In summary, our analysis has demonstrated the importance of rapid initiation of mass vaccination during a future influenza pandemic, with speed of vaccination playing a more important role than VE on population-level health outcomes.
Preparedness exercises such as stockpiling potential pre-pandemic vaccines, as well as pre-emptive collection of data from newer vaccine manufacturing platforms, such as mRNA vaccines, will be paramount for ensuring a rapid and effective response in a future influenza pandemic.
          (Continue . . . )

This study uses a lot of epidemiological assumptions, which may (or may not) be a good fit for the next pandemic.  Much will also depend upon how society reacts to the next pandemic.  
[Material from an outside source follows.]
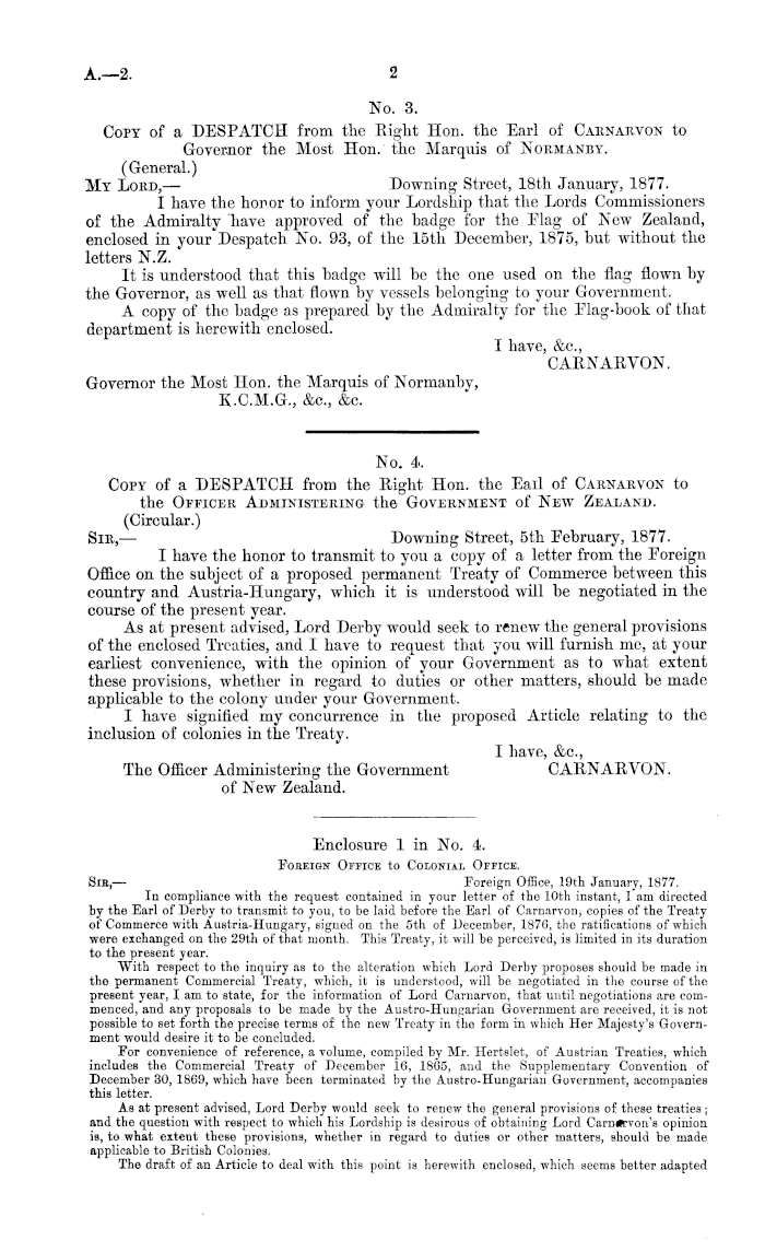 No. 3. Copy of a DESPATCH from the Right Hon. the Earl of Carnarvon to Governor the Most Hon. the Marquis of Normanby. (General.) My Lord, — Downing Street, 18th January, 1877. I have the honor to inform your Lordship that the Lords Commissioners of the Admiralty have approved of the badge for the Elag of New Zealand, enclosed in your Despatch No. 93, of the 15th December, 1875, but without the letters N.Z. It is understood that this badge will be the one used on the flag flown by the Governor, as well as that flown by vessels belonging to your Government. A copy of the badge as prepared by the Admiralty for the Elag-book of that department is herewith enclosed. I have, &c., CARNARVON. Governor the Most Hon. the Marquis of Normanby, K.C.M.G., &c., &c.

  • Will lockdowns be tolerated, or will people refuse masks and social distancing?   
  • Assuming a vaccine could be produced in quantity in 3 months, would large segments of the public actually embrace it?  How much extra resistance against an mRNA vaccine? 
  • How much tolerance would the public have for (real or imagined) vaccine side effects, particularly in a low VE jab?  
While I'm not particularly hopeful that an emergency vaccine of any VE can be produced and deployed within the first 3 months of a novel pandemic - in the event of a severe disease - this study strongly suggests that the earlier that can happen, the better.